Pachyderm enables you to process specific commits in a branch that are not the HEAD
commit, which can be useful in many scenarios. For example, you can use this feature for:
Testing and debugging: By processing specific intermediary commits, you can identify issues, test changes, or debug the pipeline at different stages of the data processing flow. This helps you ensure the quality and correctness of your data processing tasks.
Selective processing: In some cases, you might want to process only specific subsets of data instead of the entire dataset. By targeting specific commits, you can selectively process the data as needed.
Historical data reprocessing: If your pipeline has been updated or you need to re-process data with new parameters, you can target specific commits to re-run the pipeline on previously processed data.
Resource utilization: By processing only the necessary commits, you can optimize the use of resources and reduce the overall time and cost of data processing.

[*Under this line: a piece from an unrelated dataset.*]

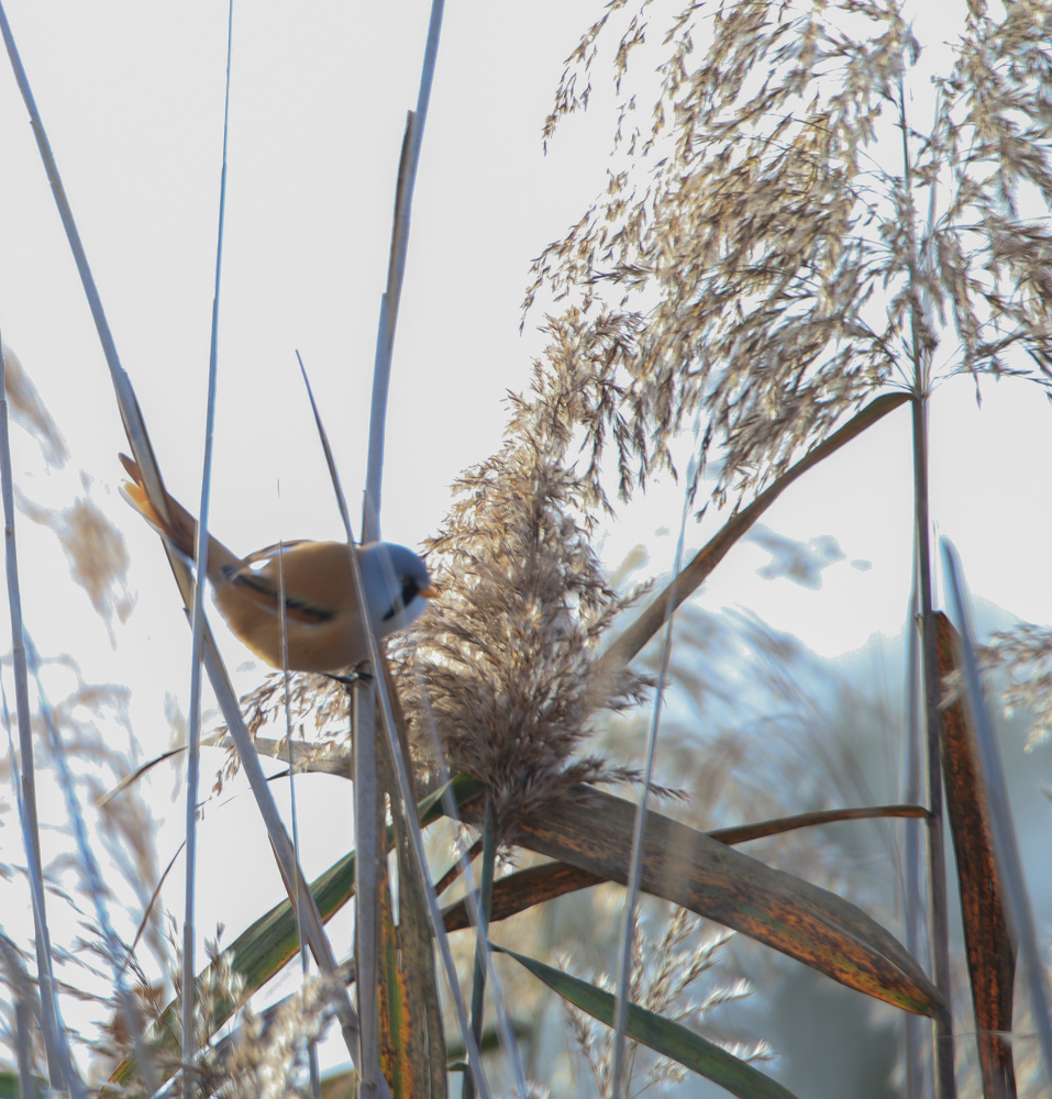 Im Frühjahr bis Herbst ist der Weg zur Mettnau-Spitze gesperrt, damit sich hier Brutvögel ungestört niederlassen können. Meine Hoffnung ist es, heute hier einige Zugvögel zu erspähen. Der Weg vom Turm zur Spitze ist ein kleiner Spaziergang durch hohes Schilf, über ein Wiesenfeld und vorbei an immer wieder hohen Büschen und alten Bäumen. Plötzlich sind sie direkt neben uns: Bartmeisen. Ich habe vorher noch nie welche gesehen. Weil ich in dem Moment so aufgeregt bin, schieße ich wild drei Fotos, ohne auf irgendwelche Einstellungen zu achten.

How to Process Specific Commits #
To process a specific commit, you need to set the master
branch of your repo to have your specified commit as HEAD
.
For example, if you submitted ten commits in the staging
branch and you want to process the seventh, third, and most recent commits, you need to run the following commands respectively:
pachctl create branch data@master --head staging^7
pachctl create branch data@master --head staging^3
pachctl create branch data@master --head staging
When you run the commands above, Pachyderm creates a job for each of the commands one after another. Therefore, when one job is completed, Pachyderm starts the next one. To verify that Pachyderm created jobs for these commands, run the following:
pachctl list job -p <pipeline_name> --history all
How to Change the Branch HEAD #
You can move backward to previous commits as easily as advancing to the latest commits. For example, if you want to change the final output to be the result of processing staging^1
, you can roll back your HEAD commit by running the following command:
pachctl create branch data@master --head staging^1
This command starts a new job to process staging^1
. The HEAD
commit on your output repo will be the result of processing staging^1
instead of staging
.